*MATERIAL PROVIDED*
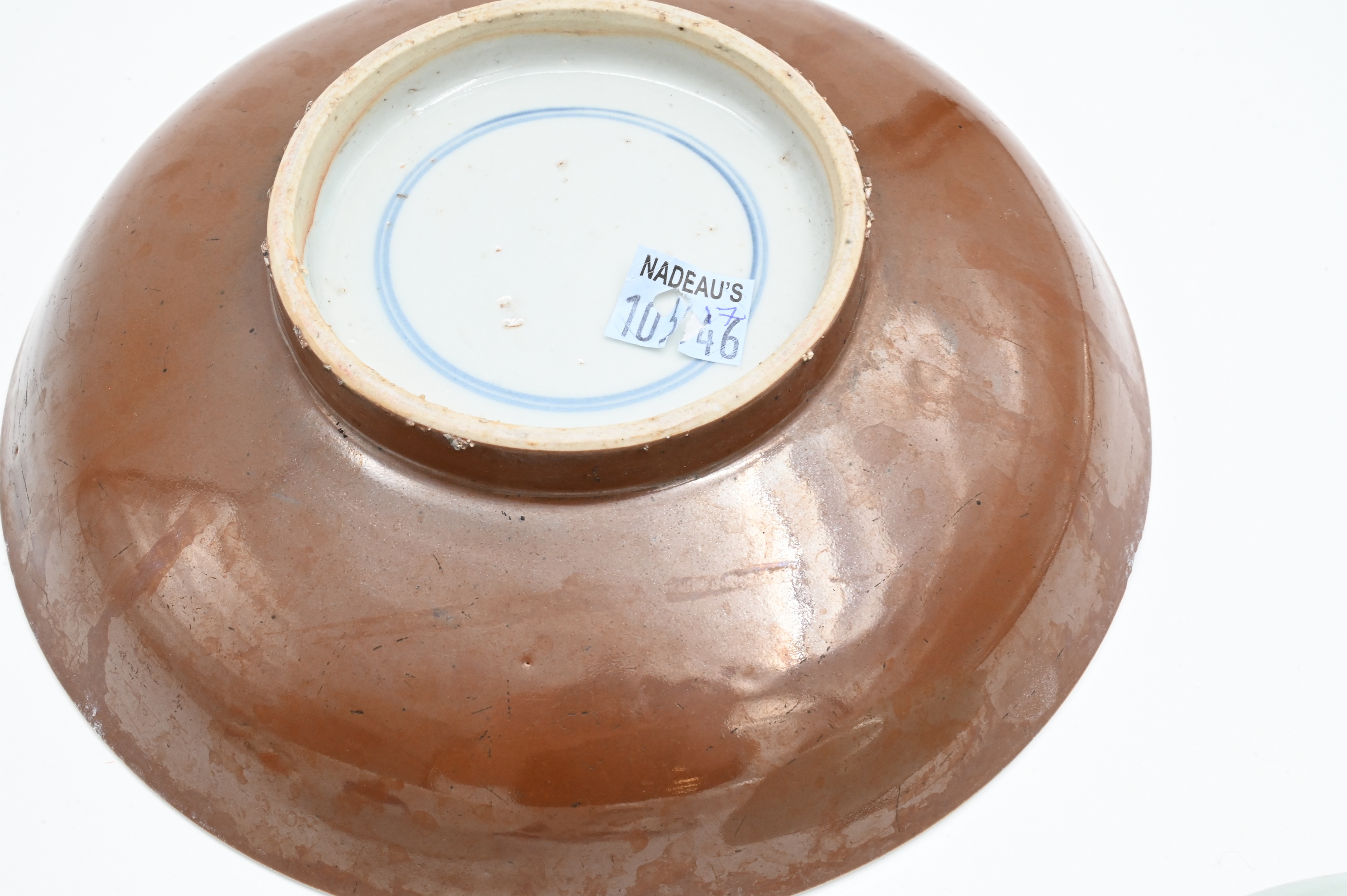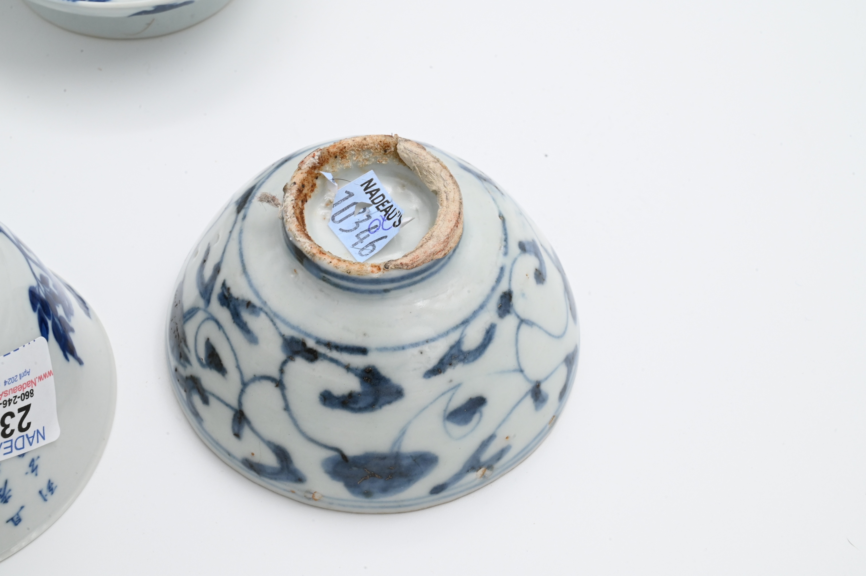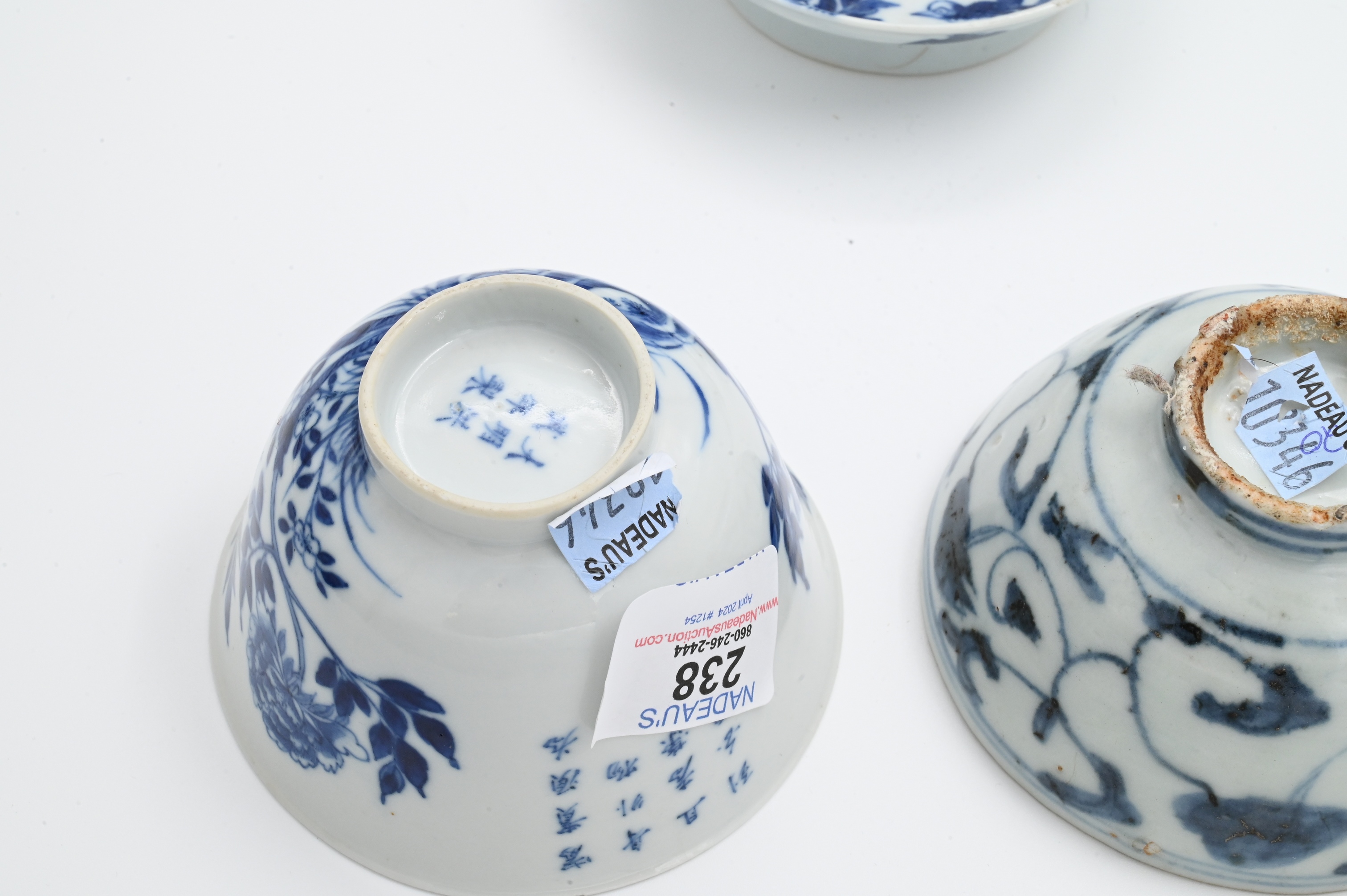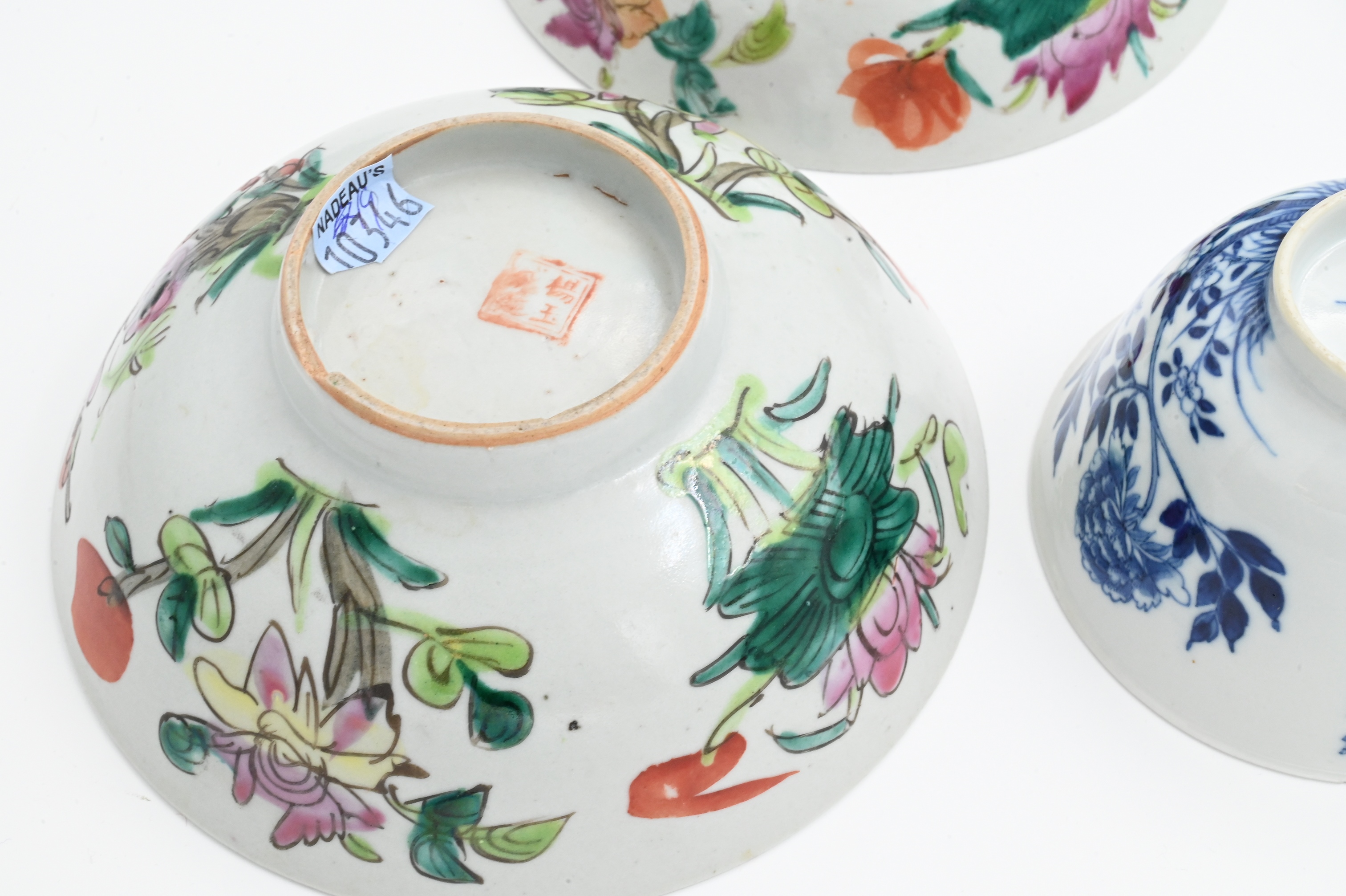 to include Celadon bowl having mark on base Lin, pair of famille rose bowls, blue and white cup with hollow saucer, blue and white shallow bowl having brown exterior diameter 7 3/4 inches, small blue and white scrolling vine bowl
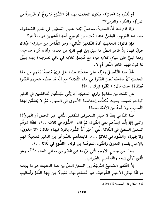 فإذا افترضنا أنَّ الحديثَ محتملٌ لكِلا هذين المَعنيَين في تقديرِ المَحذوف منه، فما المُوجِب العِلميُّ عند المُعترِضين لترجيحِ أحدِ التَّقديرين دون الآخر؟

...

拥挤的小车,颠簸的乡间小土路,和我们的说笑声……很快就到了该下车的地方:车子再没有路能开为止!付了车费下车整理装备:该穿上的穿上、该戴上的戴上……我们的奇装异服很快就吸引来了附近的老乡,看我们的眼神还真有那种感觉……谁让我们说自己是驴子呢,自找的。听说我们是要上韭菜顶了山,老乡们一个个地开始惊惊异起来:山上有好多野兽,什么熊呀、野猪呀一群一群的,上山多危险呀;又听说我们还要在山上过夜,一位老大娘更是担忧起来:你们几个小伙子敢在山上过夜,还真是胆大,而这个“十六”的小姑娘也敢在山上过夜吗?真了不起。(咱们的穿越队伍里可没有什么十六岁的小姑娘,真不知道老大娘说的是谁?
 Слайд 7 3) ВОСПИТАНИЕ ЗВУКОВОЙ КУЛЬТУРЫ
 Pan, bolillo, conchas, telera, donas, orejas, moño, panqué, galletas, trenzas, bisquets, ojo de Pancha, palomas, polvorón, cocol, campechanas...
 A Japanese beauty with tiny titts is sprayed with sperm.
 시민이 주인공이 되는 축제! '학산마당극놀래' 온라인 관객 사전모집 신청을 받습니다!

*ABOUT THIS TASK*
Reproduce exactly the lines above from the line with "polvorón, cocol, campechanas..." to the line with "시민이 주인공이 되는", including both, and add nothing.

*EXERCISE ANSWER*
 Pan, bolillo, conchas, telera, donas, orejas, moño, panqué, galletas, trenzas, bisquets, ojo de Pancha, palomas, polvorón, cocol, campechanas...
 A Japanese beauty with tiny titts is sprayed with sperm.
 시민이 주인공이 되는 축제! '학산마당극놀래' 온라인 관객 사전모집 신청을 받습니다!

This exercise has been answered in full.